Information
- League: China Baseball League
- Location: Canton, Guangdong
- Founded: 1995
- Nickname: Leopards
- League championships: 2010
- Former name: 广东闪电 (Guangdong Lightning)
- Colors: Blue, yellow

= Guangdong Leopards =

The Guangdong Leopards (广东猎豹 (Guangdong Cheetahs)) are a China Baseball League team based in Guangzhou. Their home field is the 1,000-capacity Tianhe Sports Center.

The Leopards began playing in . They were the second place team in , and won their first league championship in , beating the Beijing Tigers 2-0.

== History ==
Guangdong finished third in the 1998 National Baseball League, the 1999 National Baseball Finals, and the 2000 National Championship. In 2003, he finished third in the Chinese Baseball League and won the National Baseball Championship. After 2004, the team's performance improved significantly.

Guangdong Cheetah baseball team is a combination of old and new team, of which 5 members have participated in four National Games, 8 have participated in three National Games, and 11 have participated in two National Games.
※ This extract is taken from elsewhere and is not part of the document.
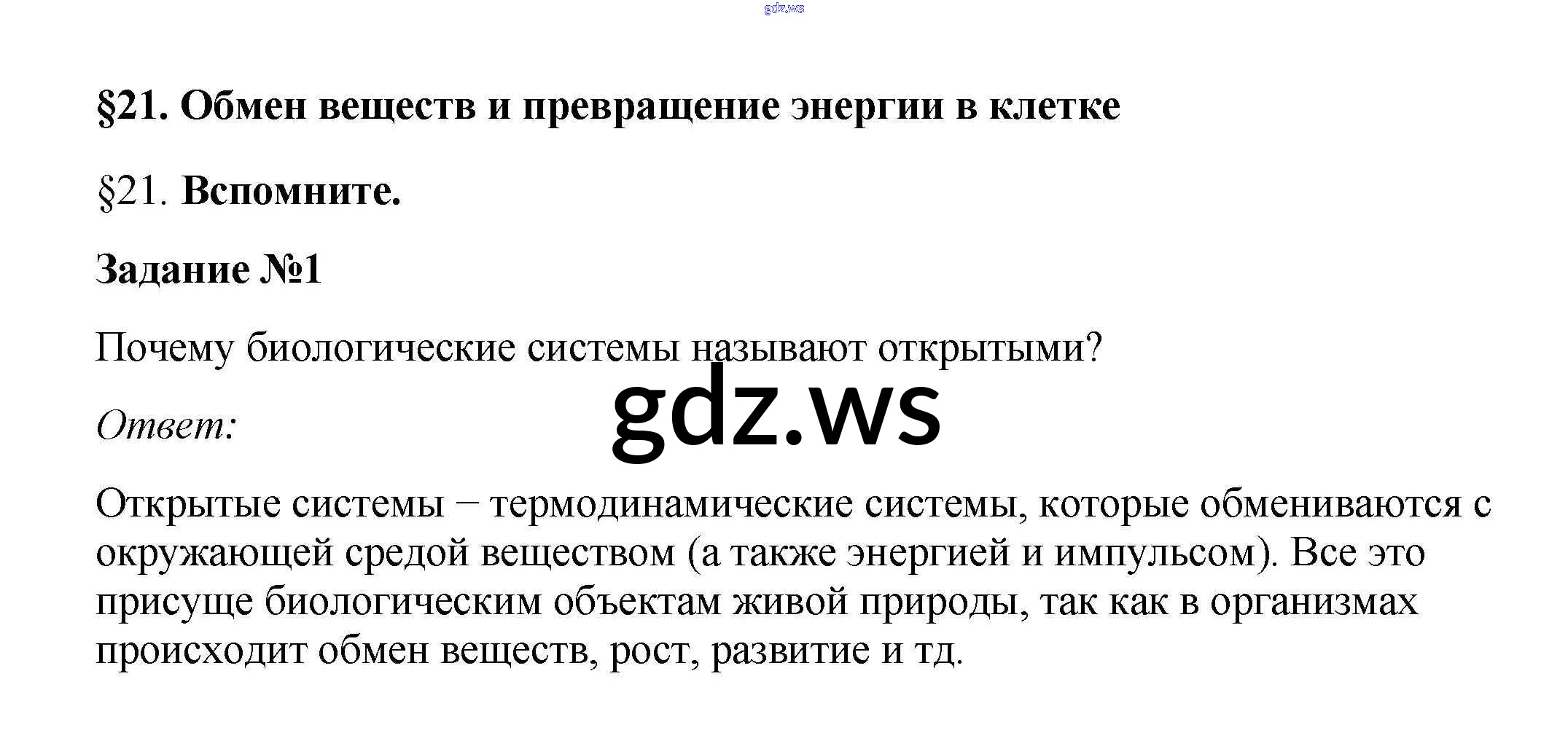 Готовый и полный ответ к Вспомните §21. Обмен веществ и превращение энергии в клетке - Биологии 10 класс Пасечник Учебник Линия жизни ФГОС

The current head coach Wang Aiping, coaches Wang Yongping, Wang Wei, Chen Junyi and Xie Weixiang. The team has 30 athletes, including Chen Junyi, Wang Pei, Liu Guangbiao, Meng Weiqiang and many other athletes who have been selected for the Chinese national team for many times.

Today, the team has 1 senior coach, 12 national athletes, and a number of foreign players, including South Korea's pitcher Ren Dong-kyu, Dominica's pitcher and an infielder.